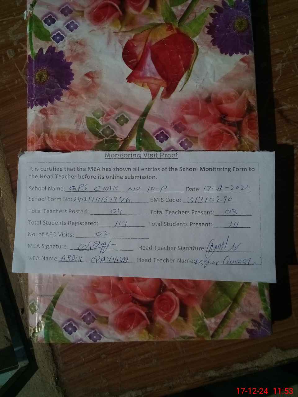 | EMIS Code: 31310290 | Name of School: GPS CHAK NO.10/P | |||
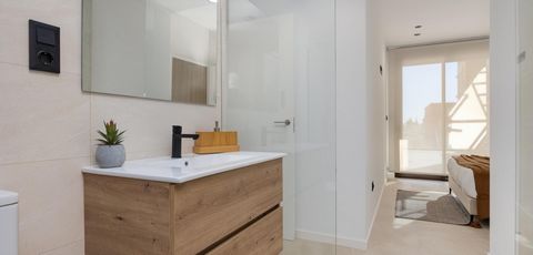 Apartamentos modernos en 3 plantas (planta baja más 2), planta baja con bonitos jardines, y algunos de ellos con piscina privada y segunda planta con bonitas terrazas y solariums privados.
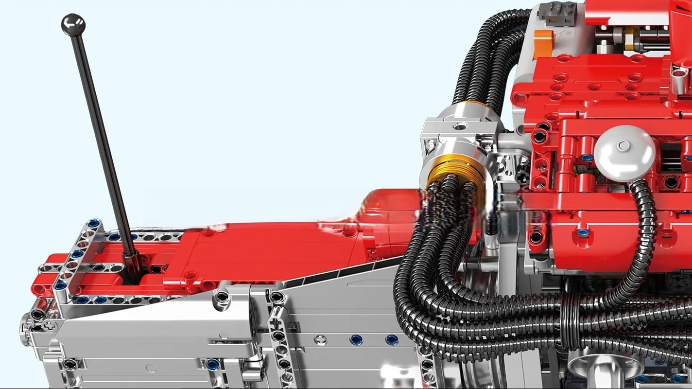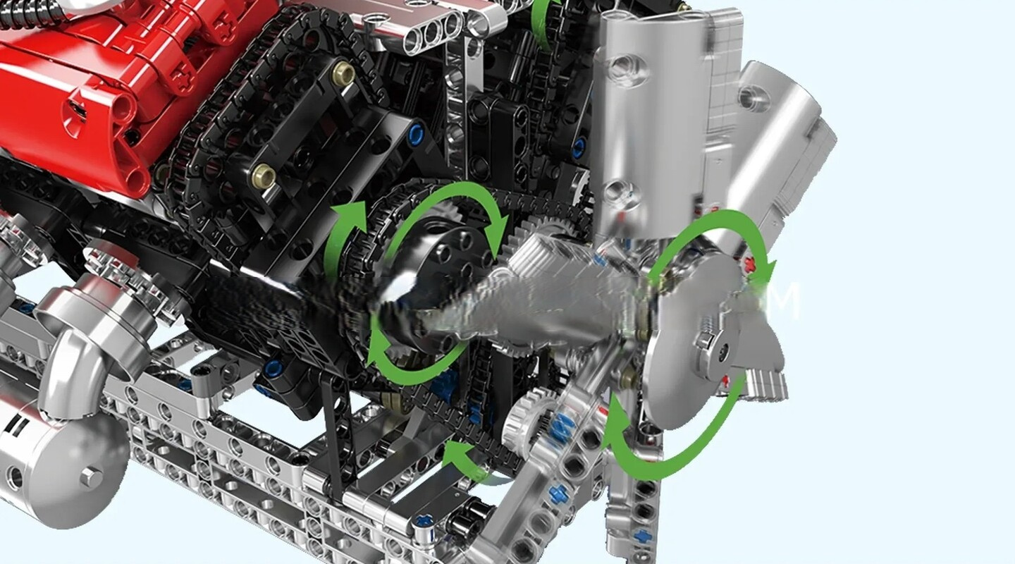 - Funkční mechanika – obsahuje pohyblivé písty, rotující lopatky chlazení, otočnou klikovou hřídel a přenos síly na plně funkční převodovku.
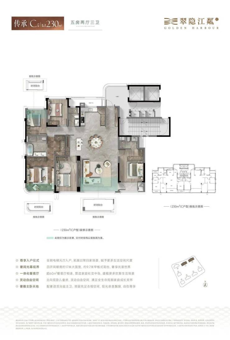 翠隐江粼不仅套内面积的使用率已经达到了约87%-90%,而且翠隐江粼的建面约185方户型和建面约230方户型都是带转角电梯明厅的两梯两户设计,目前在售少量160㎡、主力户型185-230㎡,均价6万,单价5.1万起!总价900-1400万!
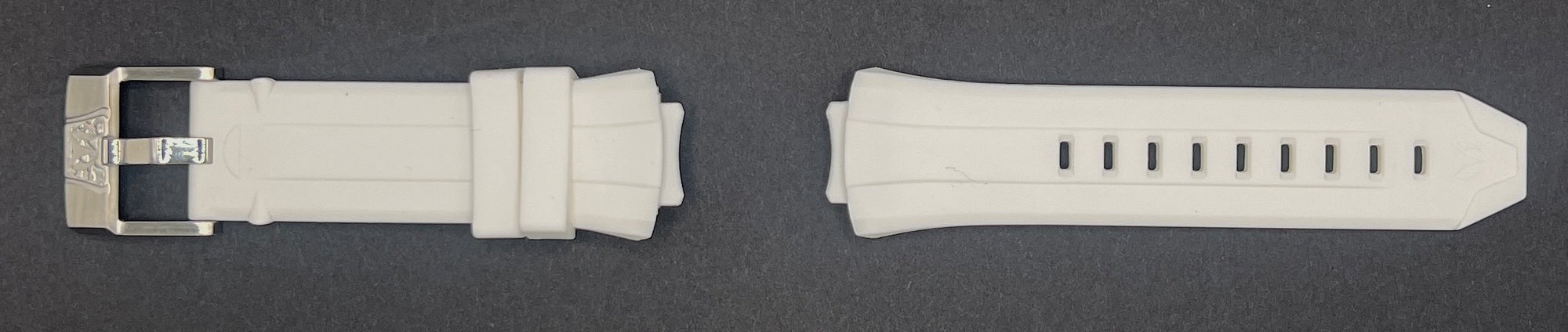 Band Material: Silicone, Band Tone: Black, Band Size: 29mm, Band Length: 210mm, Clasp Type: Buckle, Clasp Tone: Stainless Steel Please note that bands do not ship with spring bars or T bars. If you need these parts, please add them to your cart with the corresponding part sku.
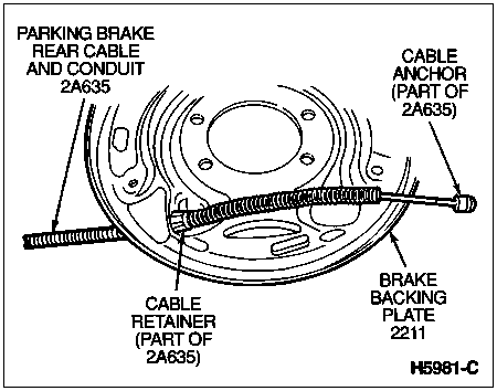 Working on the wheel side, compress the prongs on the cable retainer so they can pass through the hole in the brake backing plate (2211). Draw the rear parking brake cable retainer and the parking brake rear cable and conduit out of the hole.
* * * * * * *
*Exercise prompt*
In the entries above, find the line that contains "Apartamentos modernos en" and the line that contains "- Funkční mechanika". Reproduce exactly those two lines and every line between them, but not the pictures.

*Finished exercise*
 Apartamentos modernos en 3 plantas (planta baja más 2), planta baja con bonitos jardines, y algunos de ellos con piscina privada y segunda planta con bonitas terrazas y solariums privados.
 - Funkční mechanika – obsahuje pohyblivé písty, rotující lopatky chlazení, otočnou klikovou hřídel a přenos síly na plně funkční převodovku.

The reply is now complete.